** DATA IN THIS EXERCISE **

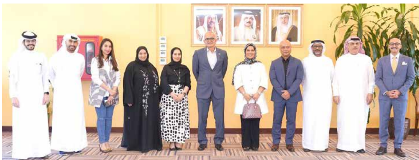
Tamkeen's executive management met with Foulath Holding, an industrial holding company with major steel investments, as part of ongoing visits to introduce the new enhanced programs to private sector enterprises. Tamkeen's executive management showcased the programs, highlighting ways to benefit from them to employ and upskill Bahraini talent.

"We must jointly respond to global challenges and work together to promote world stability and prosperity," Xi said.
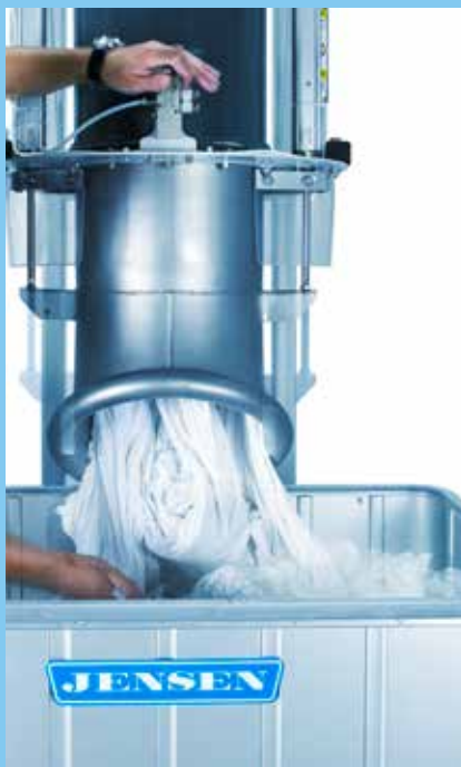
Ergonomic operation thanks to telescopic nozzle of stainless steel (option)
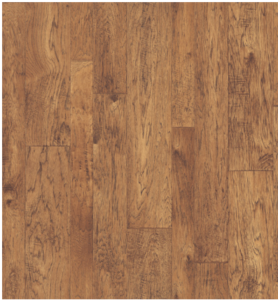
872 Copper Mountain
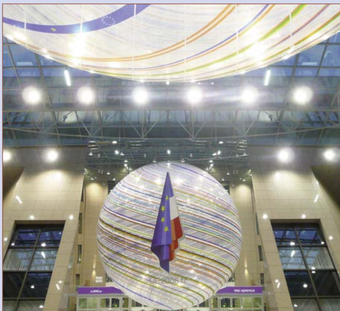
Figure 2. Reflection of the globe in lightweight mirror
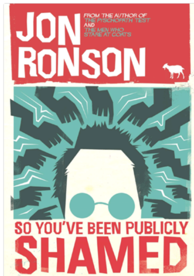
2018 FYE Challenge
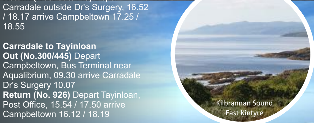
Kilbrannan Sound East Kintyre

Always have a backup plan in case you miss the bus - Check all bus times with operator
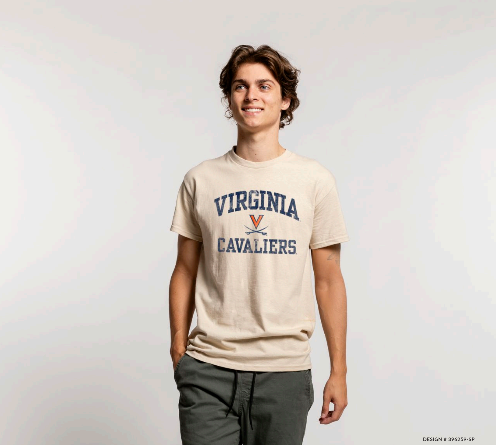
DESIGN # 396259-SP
* * *
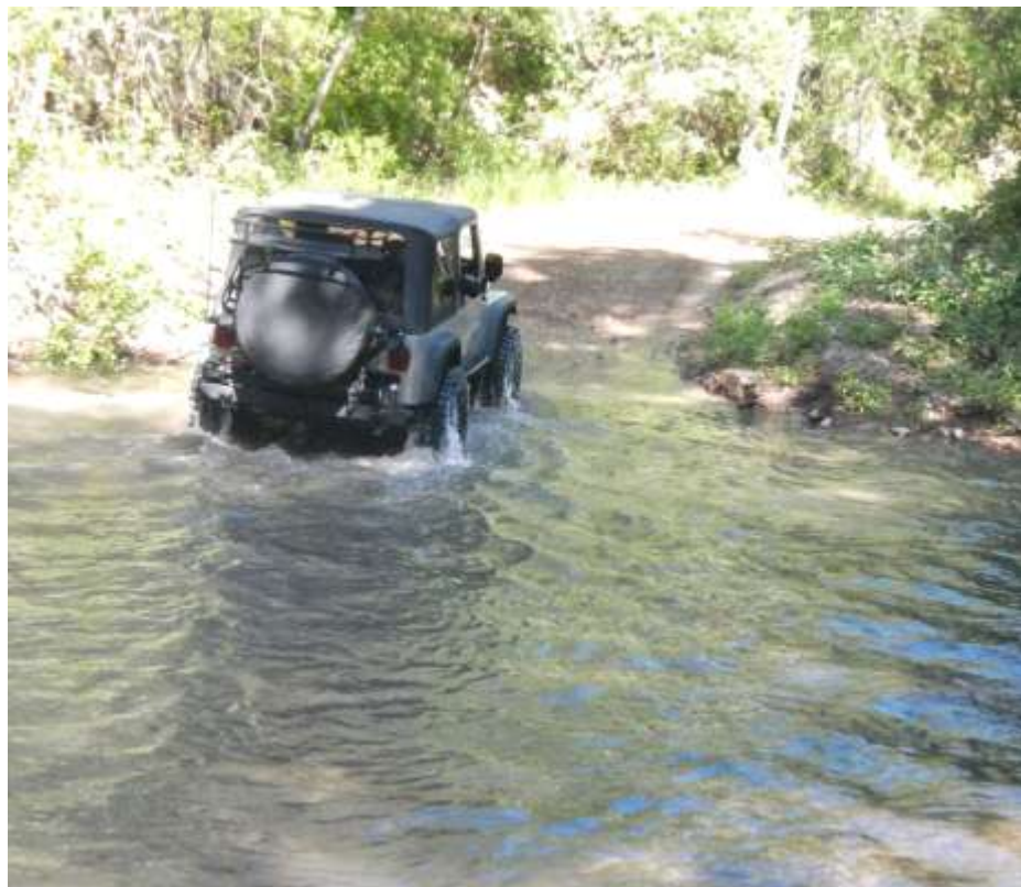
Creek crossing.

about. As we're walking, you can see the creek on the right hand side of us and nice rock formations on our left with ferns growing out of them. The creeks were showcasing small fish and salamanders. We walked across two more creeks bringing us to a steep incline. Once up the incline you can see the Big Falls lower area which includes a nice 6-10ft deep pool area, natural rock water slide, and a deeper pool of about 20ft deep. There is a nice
...
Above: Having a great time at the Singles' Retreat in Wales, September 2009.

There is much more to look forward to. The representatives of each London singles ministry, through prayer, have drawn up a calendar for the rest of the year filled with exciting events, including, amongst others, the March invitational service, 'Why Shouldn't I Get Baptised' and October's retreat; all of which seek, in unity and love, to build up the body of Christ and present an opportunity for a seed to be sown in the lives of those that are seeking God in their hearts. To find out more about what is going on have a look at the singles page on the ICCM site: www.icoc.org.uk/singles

** TASK BRIEF **
Copy word for word the lines above, starting at the line containing "Tamkeen's executive management met" and ending at the line containing "DESIGN # 396259-SP", inclusive, with no pictures.

** SOLVED PROBLEM **
Tamkeen's executive management met with Foulath Holding, an industrial holding company with major steel investments, as part of ongoing visits to introduce the new enhanced programs to private sector enterprises. Tamkeen's executive management showcased the programs, highlighting ways to benefit from them to employ and upskill Bahraini talent.

"We must jointly respond to global challenges and work together to promote world stability and prosperity," Xi said.
Ergonomic operation thanks to telescopic nozzle of stainless steel (option)
872 Copper Mountain
Figure 2. Reflection of the globe in lightweight mirror
2018 FYE Challenge
Kilbrannan Sound East Kintyre

Always have a backup plan in case you miss the bus - Check all bus times with operator
DESIGN # 396259-SP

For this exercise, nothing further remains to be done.